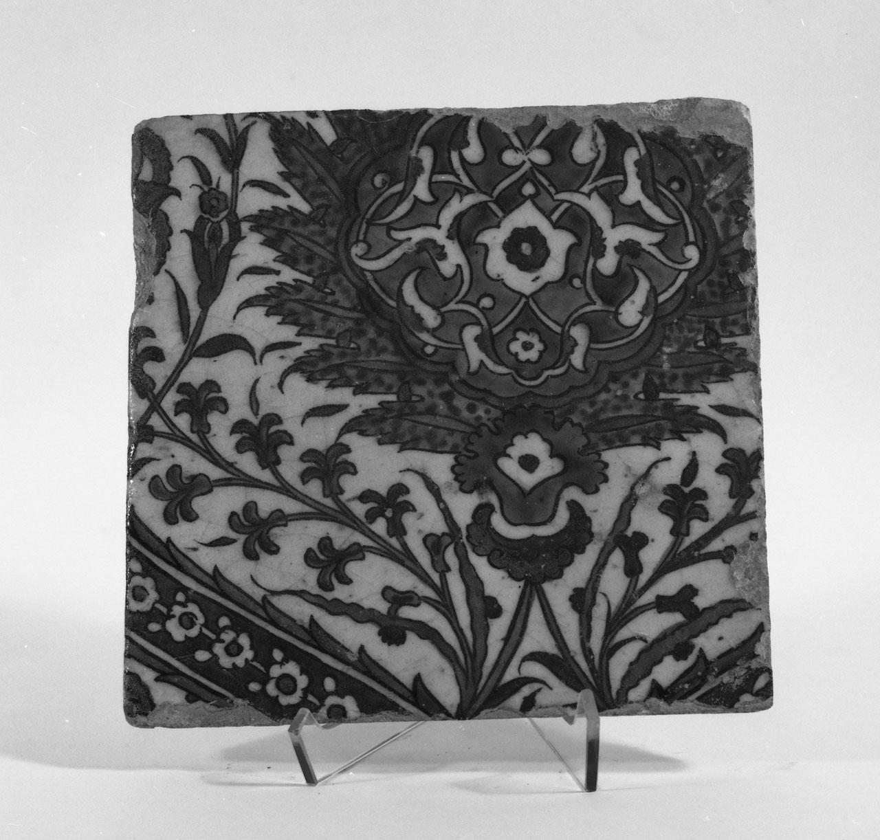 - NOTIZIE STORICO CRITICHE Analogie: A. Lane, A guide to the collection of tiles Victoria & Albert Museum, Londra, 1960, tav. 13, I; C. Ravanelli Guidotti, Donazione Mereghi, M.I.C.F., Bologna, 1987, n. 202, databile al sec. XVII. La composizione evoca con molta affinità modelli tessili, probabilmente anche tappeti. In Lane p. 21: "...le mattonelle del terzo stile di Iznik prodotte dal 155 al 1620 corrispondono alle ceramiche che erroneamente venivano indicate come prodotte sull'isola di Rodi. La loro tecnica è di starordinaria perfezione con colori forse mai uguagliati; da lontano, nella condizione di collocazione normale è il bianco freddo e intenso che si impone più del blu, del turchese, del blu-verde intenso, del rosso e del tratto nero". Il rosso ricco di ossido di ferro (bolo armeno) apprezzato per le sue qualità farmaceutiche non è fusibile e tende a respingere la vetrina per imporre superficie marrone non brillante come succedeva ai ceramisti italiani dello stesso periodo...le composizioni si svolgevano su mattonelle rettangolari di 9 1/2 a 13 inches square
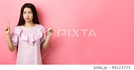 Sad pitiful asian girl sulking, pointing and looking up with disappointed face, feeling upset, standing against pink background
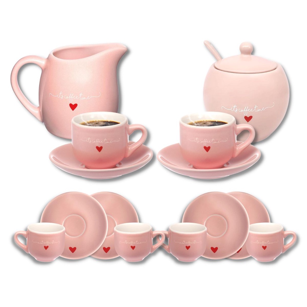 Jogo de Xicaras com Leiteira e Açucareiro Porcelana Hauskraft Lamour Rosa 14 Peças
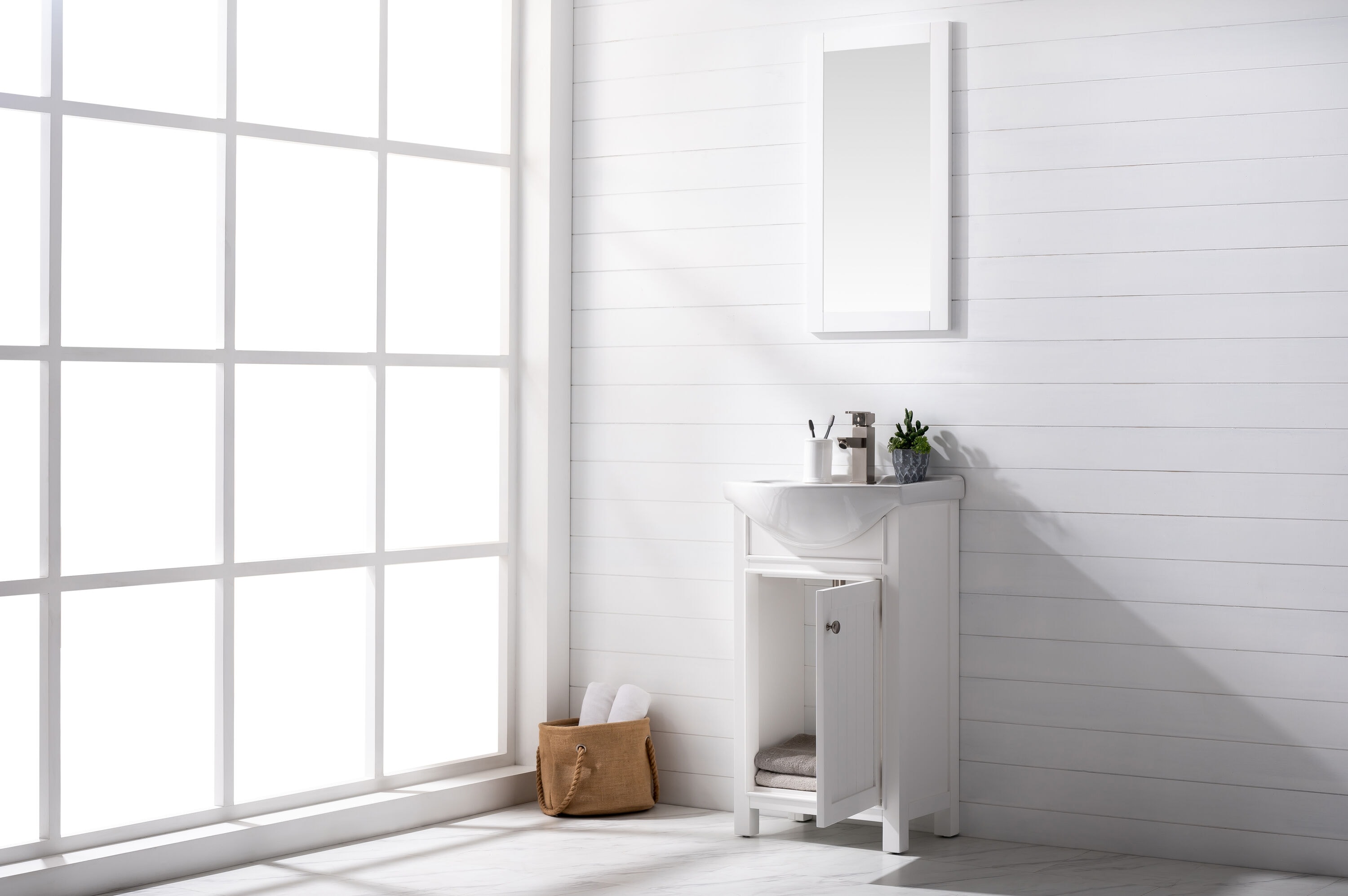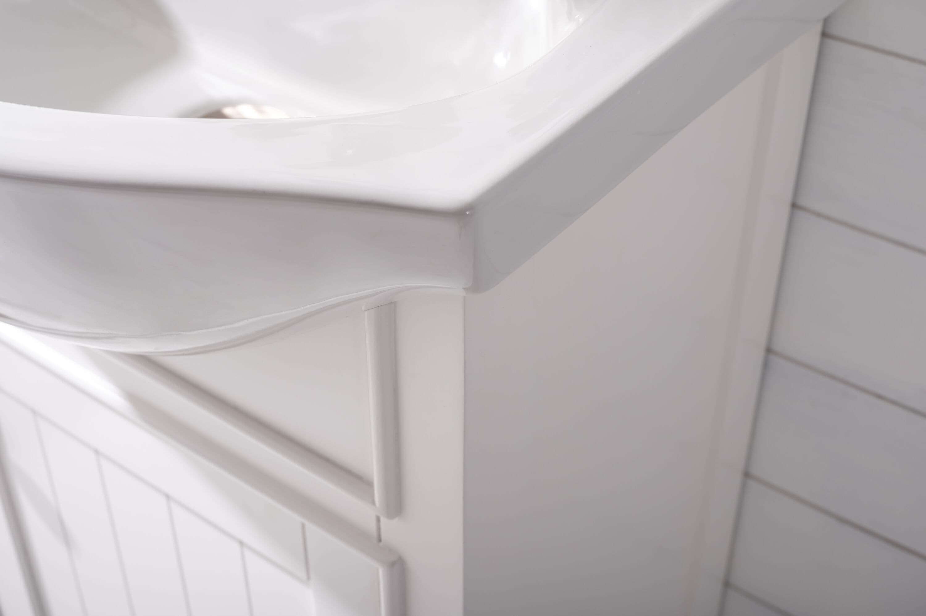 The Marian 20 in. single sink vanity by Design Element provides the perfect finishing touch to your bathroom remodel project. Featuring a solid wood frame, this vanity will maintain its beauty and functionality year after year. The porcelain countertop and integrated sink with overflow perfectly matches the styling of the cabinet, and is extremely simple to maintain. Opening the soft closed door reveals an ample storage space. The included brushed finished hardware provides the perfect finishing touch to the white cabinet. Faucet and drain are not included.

• [Work request]
Only the lines from the line holding "Jogo de Xicaras" through the last line above belong in the answer, repeated exactly; the pictures do not.

• [Written solution]
 Jogo de Xicaras com Leiteira e Açucareiro Porcelana Hauskraft Lamour Rosa 14 Peças
 The Marian 20 in. single sink vanity by Design Element provides the perfect finishing touch to your bathroom remodel project. Featuring a solid wood frame, this vanity will maintain its beauty and functionality year after year. The porcelain countertop and integrated sink with overflow perfectly matches the styling of the cabinet, and is extremely simple to maintain. Opening the soft closed door reveals an ample storage space. The included brushed finished hardware provides the perfect finishing touch to the white cabinet. Faucet and drain are not included.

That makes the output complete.